Task to complete
Work through the listing below and give again exactly the lines from the one with "First, I measured" to the one with "On the 46th", both ends included. All other lines and all pictures stay out.

### Data records ###

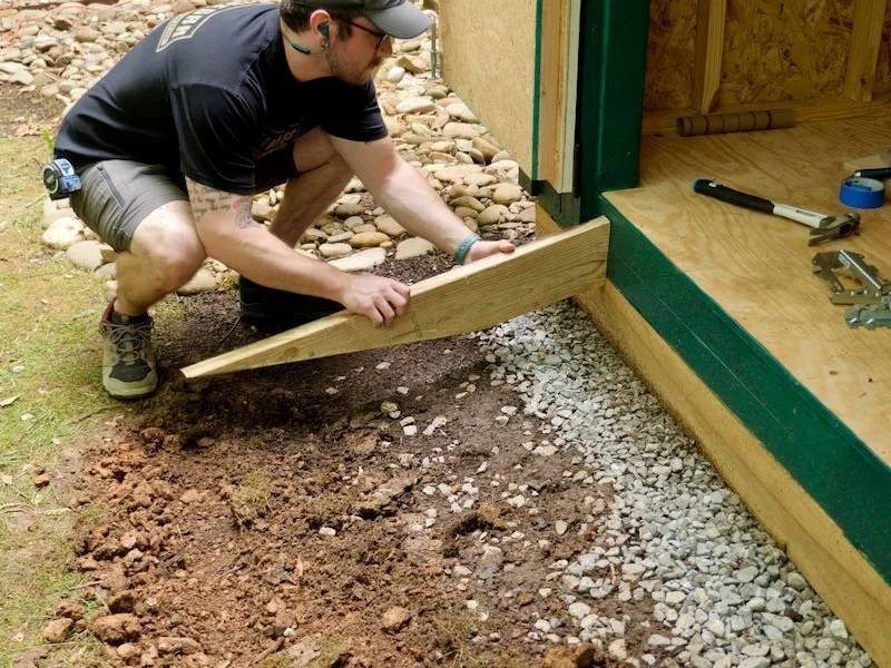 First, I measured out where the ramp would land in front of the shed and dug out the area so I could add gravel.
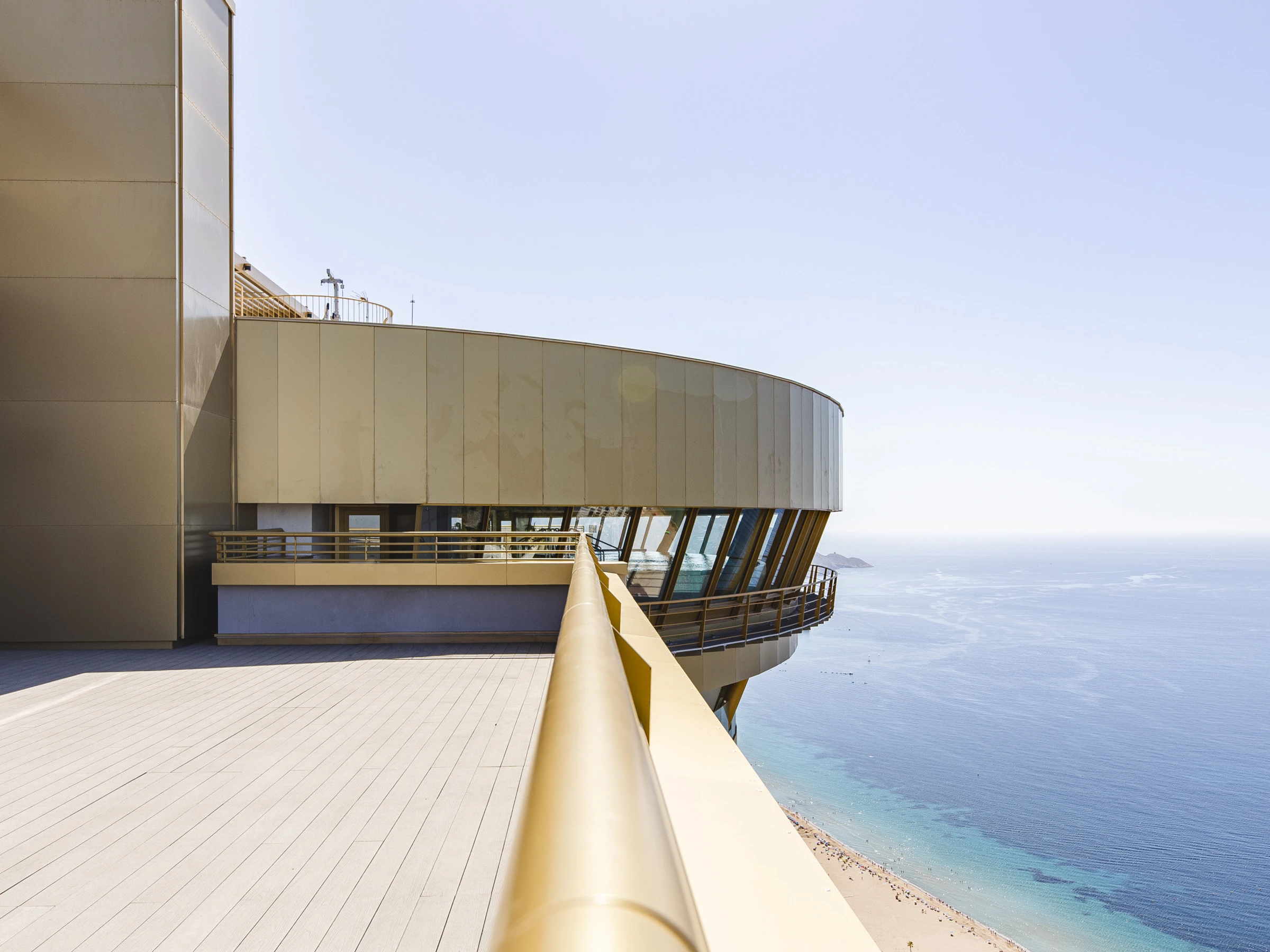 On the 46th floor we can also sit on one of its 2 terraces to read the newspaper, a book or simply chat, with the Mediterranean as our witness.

###
### Data records ###

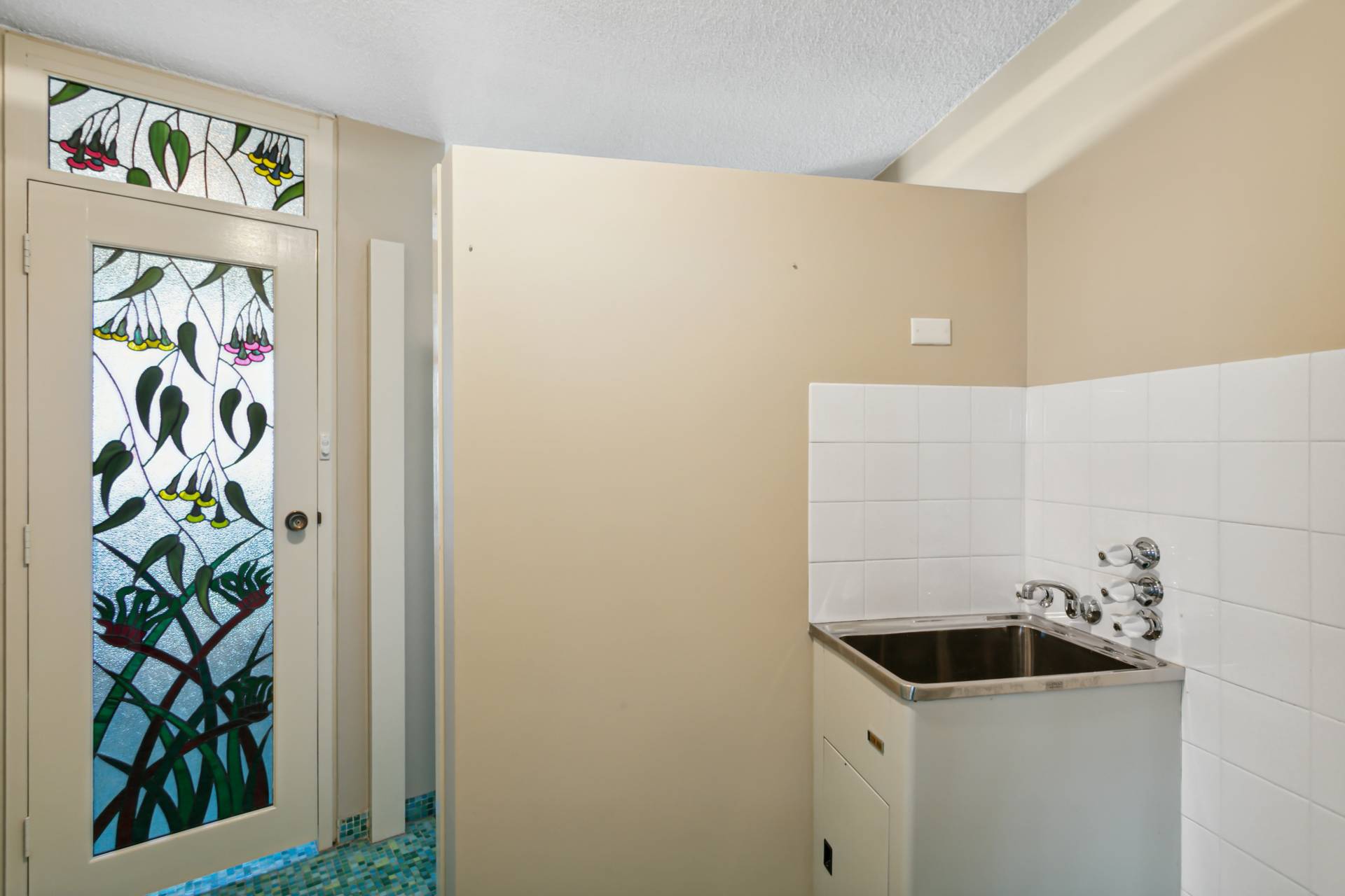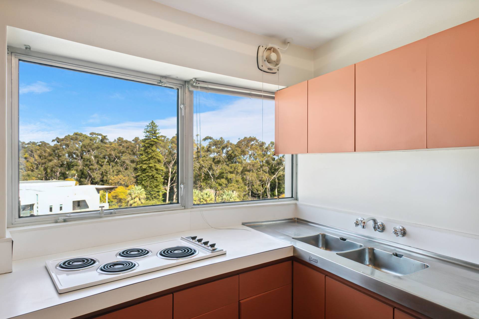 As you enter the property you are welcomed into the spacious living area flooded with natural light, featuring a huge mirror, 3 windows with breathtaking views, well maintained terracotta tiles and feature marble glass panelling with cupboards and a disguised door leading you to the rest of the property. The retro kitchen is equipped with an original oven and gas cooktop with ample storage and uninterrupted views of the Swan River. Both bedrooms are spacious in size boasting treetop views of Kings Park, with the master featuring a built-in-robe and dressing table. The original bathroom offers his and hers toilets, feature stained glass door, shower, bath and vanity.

###

Result
 First, I measured out where the ramp would land in front of the shed and dug out the area so I could add gravel.
 On the 46th floor we can also sit on one of its 2 terraces to read the newspaper, a book or simply chat, with the Mediterranean as our witness.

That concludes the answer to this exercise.